Return the following lines and nothing else: the one holding "より良い学校にするため、各クラスの代表の委員が集まって意見を出し合っています。" and all those after it in the records below, unchanged, minus any pictures.

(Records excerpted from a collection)
-- Opening Marker --

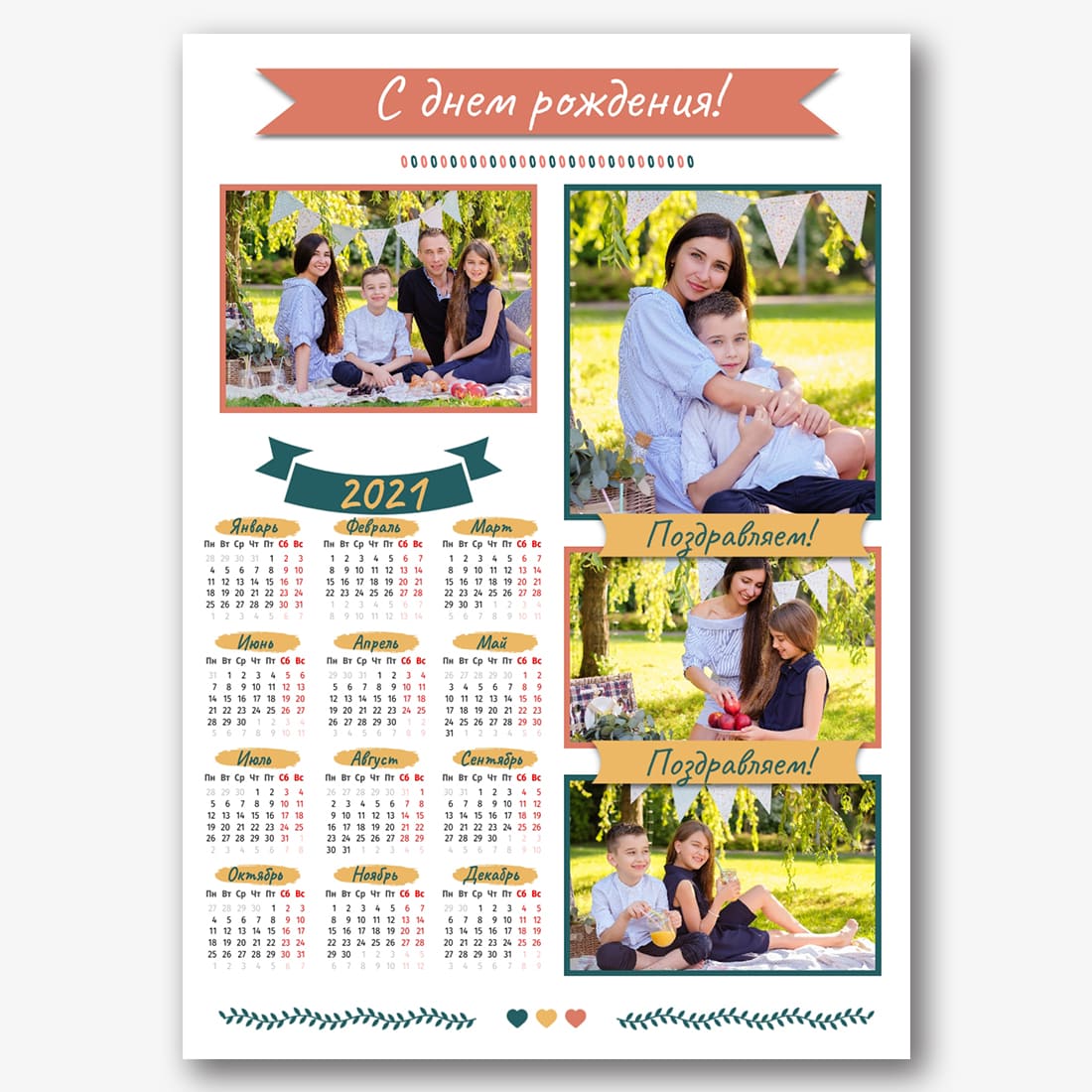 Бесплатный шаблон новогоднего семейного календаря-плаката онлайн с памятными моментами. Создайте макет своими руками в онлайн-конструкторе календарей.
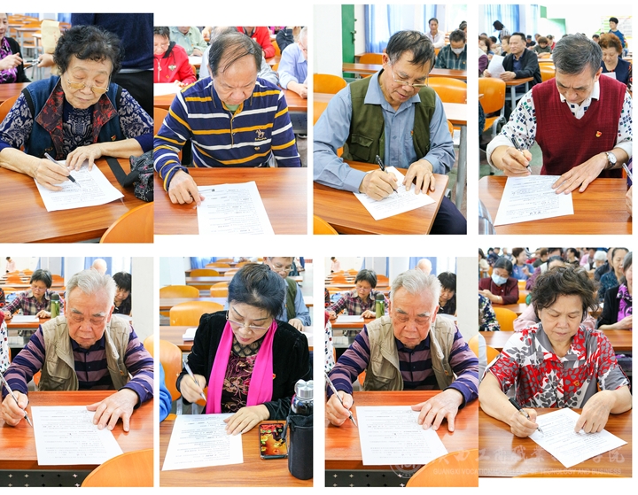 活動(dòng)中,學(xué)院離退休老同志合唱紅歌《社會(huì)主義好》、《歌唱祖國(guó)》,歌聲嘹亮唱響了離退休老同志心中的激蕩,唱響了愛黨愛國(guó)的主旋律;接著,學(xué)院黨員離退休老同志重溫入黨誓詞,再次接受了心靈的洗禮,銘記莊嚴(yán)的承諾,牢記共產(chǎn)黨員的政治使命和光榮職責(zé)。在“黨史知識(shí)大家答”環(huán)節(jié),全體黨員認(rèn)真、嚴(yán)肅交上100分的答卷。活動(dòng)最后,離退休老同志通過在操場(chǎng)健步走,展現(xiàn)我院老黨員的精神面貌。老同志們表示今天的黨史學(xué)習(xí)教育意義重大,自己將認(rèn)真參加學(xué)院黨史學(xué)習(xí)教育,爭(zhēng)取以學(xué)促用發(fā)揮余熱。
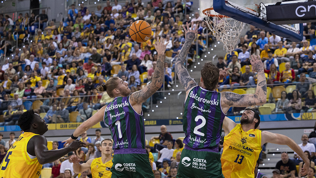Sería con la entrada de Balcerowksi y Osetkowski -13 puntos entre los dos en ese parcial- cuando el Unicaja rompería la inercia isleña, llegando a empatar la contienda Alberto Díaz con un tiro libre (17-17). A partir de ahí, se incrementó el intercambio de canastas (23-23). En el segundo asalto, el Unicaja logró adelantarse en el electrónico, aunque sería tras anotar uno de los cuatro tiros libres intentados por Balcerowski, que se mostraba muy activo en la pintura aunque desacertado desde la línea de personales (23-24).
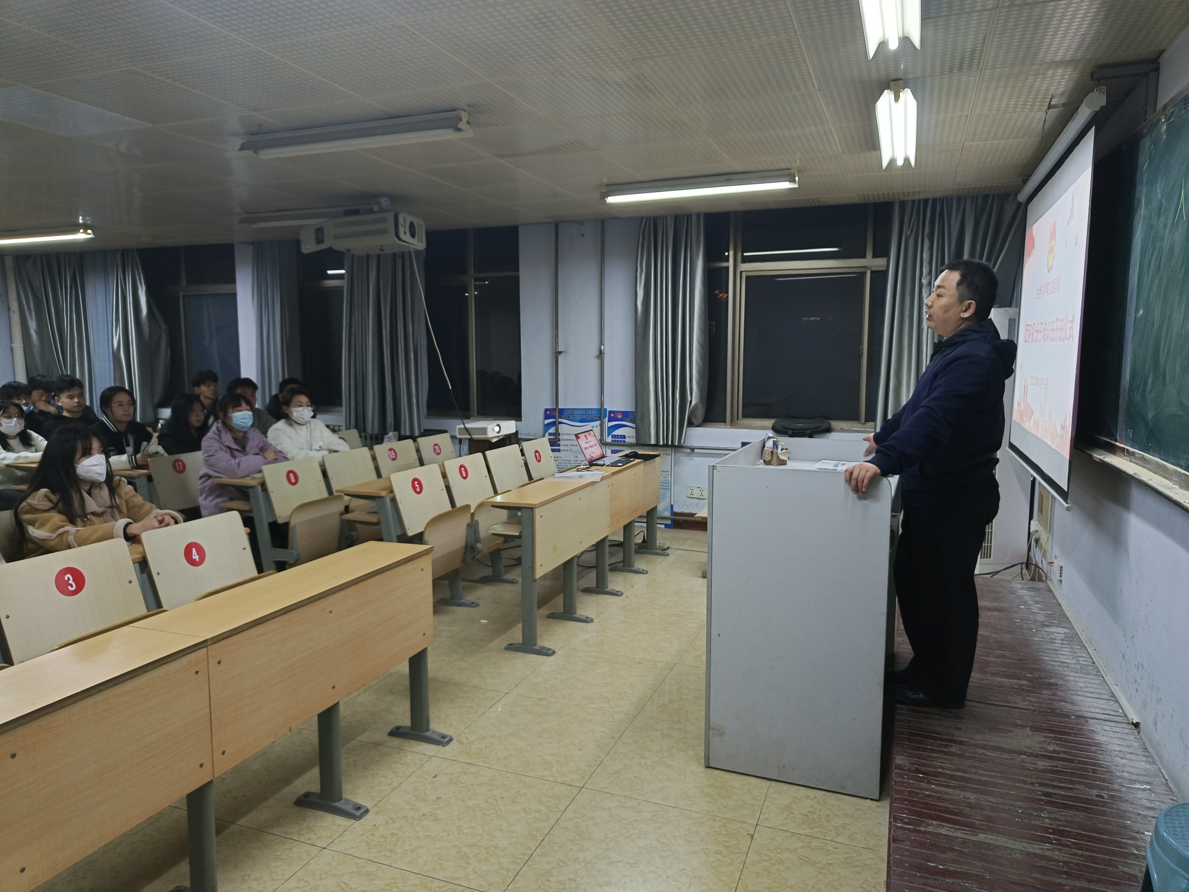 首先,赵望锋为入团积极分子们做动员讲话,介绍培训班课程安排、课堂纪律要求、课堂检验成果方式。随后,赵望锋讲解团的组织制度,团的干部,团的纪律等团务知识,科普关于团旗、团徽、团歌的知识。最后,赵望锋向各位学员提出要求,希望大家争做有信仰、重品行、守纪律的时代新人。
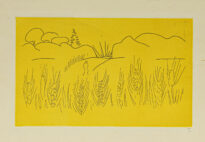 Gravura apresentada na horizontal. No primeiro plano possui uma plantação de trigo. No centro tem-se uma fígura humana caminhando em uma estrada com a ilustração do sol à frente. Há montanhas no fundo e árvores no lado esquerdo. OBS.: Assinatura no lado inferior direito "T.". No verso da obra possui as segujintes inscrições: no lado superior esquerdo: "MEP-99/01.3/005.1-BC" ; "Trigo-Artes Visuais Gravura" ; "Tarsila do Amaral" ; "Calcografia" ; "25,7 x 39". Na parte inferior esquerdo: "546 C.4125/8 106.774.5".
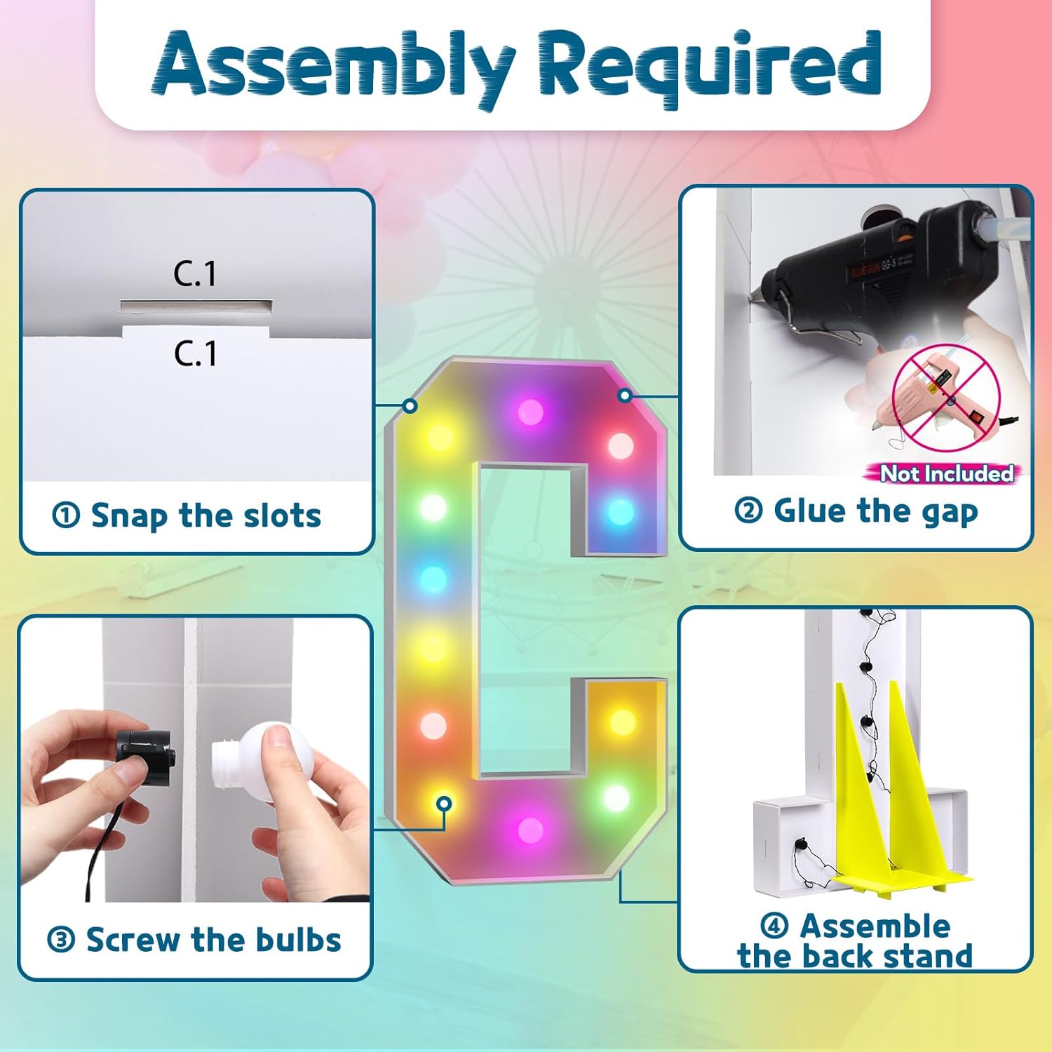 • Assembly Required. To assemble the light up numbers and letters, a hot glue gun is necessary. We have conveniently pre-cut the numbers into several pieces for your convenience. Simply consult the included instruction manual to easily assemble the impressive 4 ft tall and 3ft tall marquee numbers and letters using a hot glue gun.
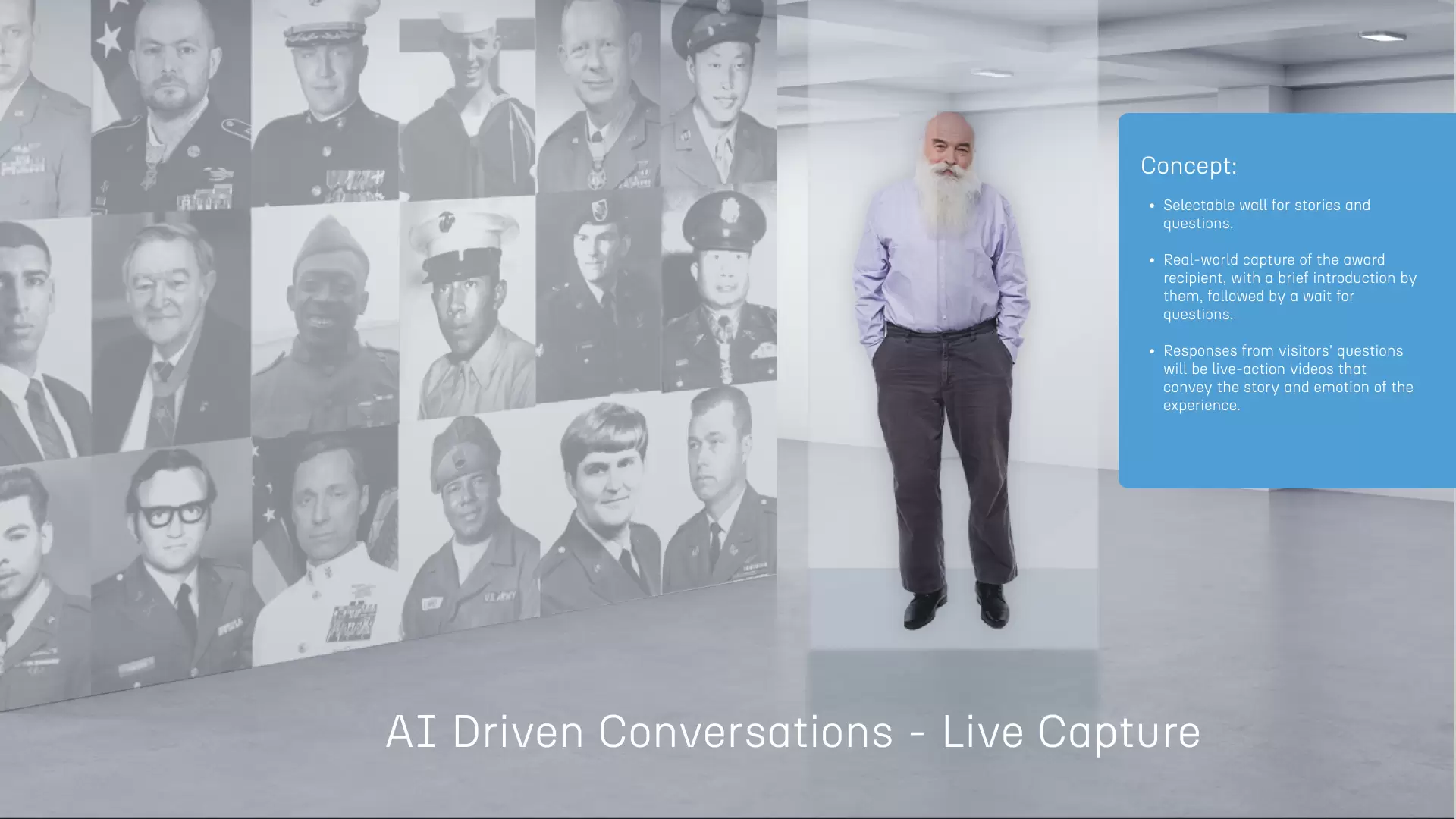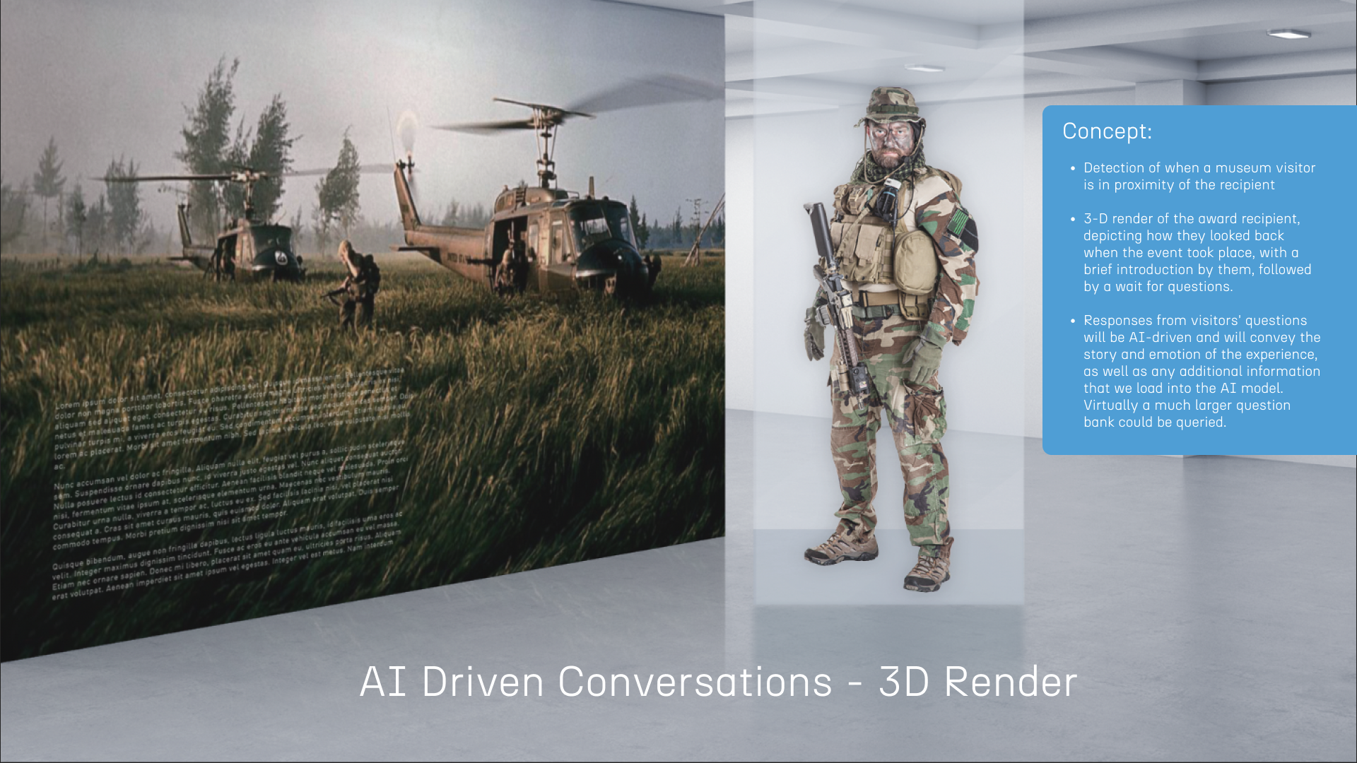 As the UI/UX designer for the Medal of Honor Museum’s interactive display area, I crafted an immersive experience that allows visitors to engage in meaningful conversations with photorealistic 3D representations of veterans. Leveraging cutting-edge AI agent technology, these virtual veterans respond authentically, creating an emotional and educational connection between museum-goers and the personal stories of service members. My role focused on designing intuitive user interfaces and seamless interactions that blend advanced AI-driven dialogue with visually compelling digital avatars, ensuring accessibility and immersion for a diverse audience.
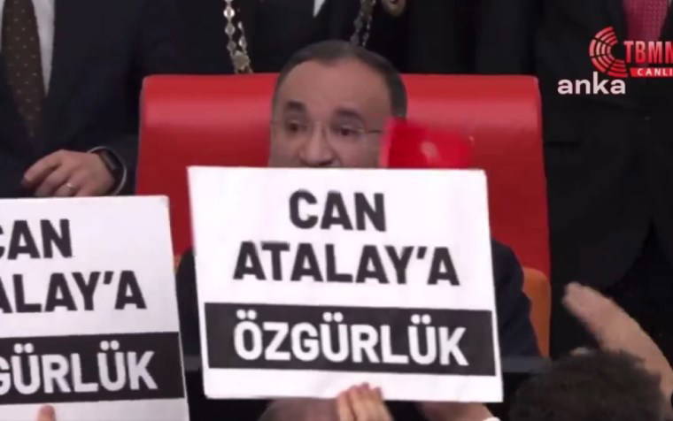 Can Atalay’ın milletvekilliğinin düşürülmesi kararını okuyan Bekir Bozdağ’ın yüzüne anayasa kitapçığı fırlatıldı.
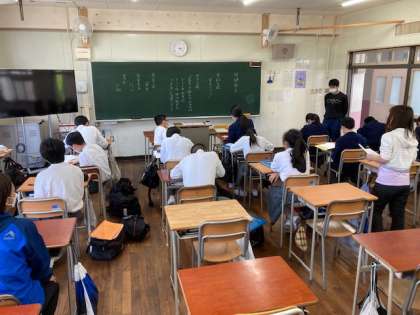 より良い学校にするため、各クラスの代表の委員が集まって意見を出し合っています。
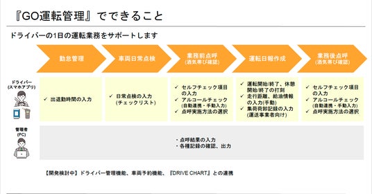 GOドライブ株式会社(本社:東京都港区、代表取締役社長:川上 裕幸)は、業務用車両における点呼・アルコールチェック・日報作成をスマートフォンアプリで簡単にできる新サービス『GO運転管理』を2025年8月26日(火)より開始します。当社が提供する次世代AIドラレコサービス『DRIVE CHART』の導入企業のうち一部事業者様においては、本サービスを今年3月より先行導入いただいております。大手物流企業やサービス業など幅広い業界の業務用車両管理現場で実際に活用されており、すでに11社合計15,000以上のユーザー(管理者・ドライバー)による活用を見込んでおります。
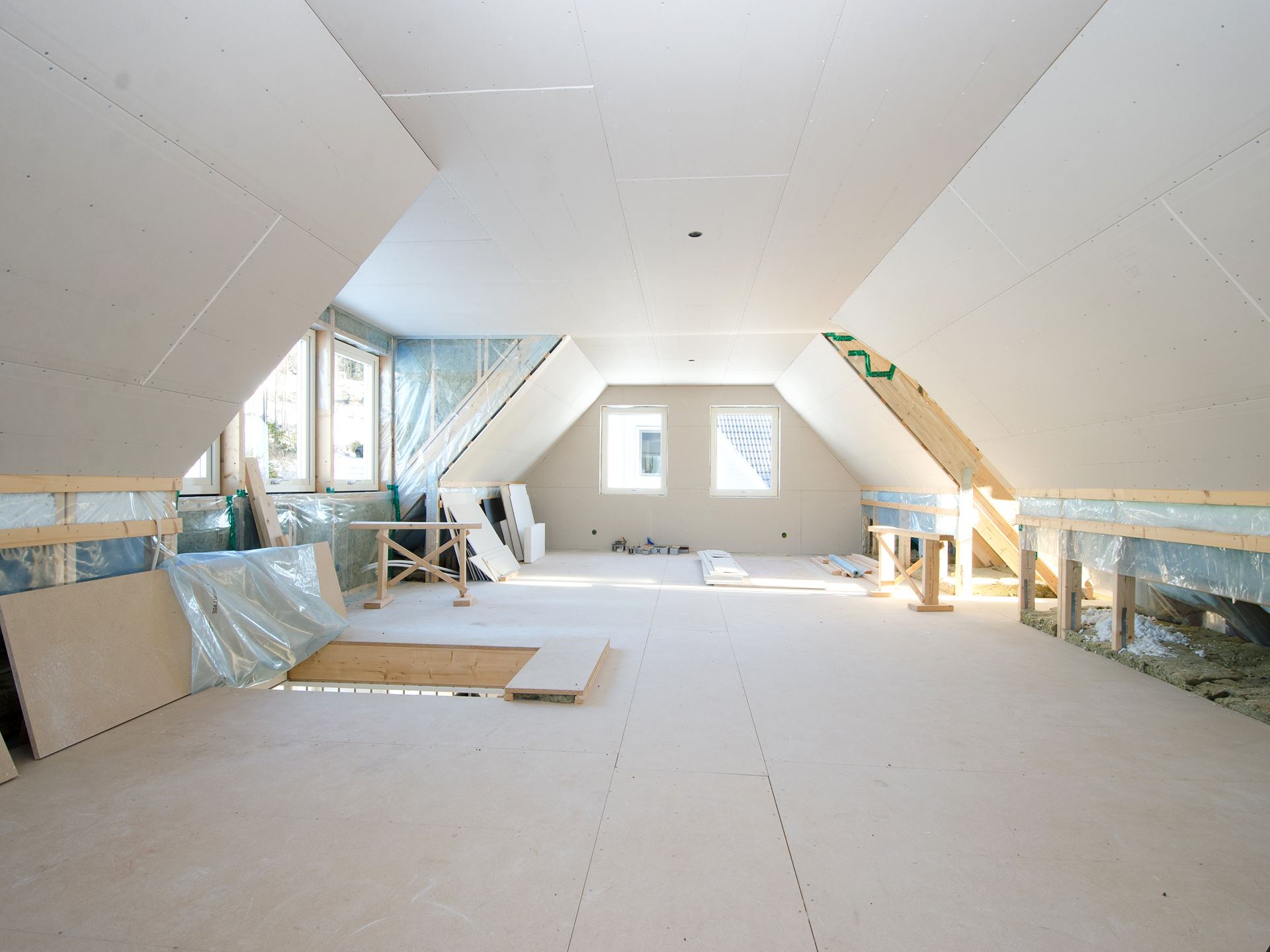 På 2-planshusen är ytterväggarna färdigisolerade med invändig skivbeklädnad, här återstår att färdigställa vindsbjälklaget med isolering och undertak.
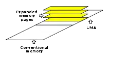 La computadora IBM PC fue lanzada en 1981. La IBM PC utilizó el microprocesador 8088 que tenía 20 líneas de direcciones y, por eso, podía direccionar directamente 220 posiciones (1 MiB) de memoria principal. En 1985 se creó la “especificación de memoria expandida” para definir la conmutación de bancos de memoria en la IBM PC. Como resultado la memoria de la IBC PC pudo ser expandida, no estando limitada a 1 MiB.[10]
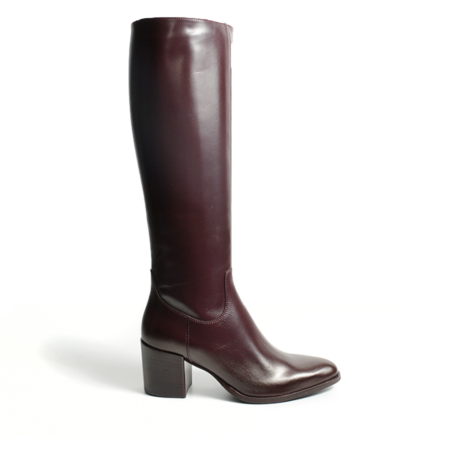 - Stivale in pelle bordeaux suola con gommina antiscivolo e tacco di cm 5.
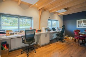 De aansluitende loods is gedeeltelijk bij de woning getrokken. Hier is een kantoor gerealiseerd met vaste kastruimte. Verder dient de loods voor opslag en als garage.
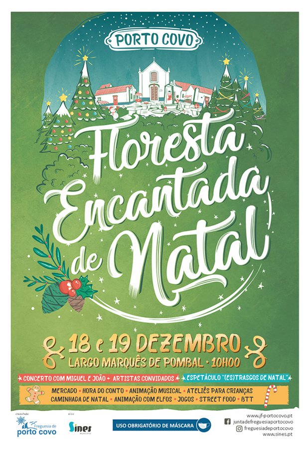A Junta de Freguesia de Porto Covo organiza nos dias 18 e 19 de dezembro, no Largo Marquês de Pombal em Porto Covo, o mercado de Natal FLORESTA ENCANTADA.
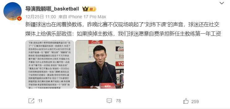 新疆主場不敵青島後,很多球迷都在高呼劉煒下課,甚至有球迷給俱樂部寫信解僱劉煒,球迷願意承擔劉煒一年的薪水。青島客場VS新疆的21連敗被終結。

-- Closing Marker --

→ Solution for this task
 より良い学校にするため、各クラスの代表の委員が集まって意見を出し合っています。
 GOドライブ株式会社(本社:東京都港区、代表取締役社長:川上 裕幸)は、業務用車両における点呼・アルコールチェック・日報作成をスマートフォンアプリで簡単にできる新サービス『GO運転管理』を2025年8月26日(火)より開始します。当社が提供する次世代AIドラレコサービス『DRIVE CHART』の導入企業のうち一部事業者様においては、本サービスを今年3月より先行導入いただいております。大手物流企業やサービス業など幅広い業界の業務用車両管理現場で実際に活用されており、すでに11社合計15,000以上のユーザー(管理者・ドライバー)による活用を見込んでおります。
 På 2-planshusen är ytterväggarna färdigisolerade med invändig skivbeklädnad, här återstår att färdigställa vindsbjälklaget med isolering och undertak.
 La computadora IBM PC fue lanzada en 1981. La IBM PC utilizó el microprocesador 8088 que tenía 20 líneas de direcciones y, por eso, podía direccionar directamente 220 posiciones (1 MiB) de memoria principal. En 1985 se creó la “especificación de memoria expandida” para definir la conmutación de bancos de memoria en la IBM PC. Como resultado la memoria de la IBC PC pudo ser expandida, no estando limitada a 1 MiB.[10]
 - Stivale in pelle bordeaux suola con gommina antiscivolo e tacco di cm 5.
 De aansluitende loods is gedeeltelijk bij de woning getrokken. Hier is een kantoor gerealiseerd met vaste kastruimte. Verder dient de loods voor opslag en als garage.
A Junta de Freguesia de Porto Covo organiza nos dias 18 e 19 de dezembro, no Largo Marquês de Pombal em Porto Covo, o mercado de Natal FLORESTA ENCANTADA.
 新疆主場不敵青島後,很多球迷都在高呼劉煒下課,甚至有球迷給俱樂部寫信解僱劉煒,球迷願意承擔劉煒一年的薪水。青島客場VS新疆的21連敗被終結。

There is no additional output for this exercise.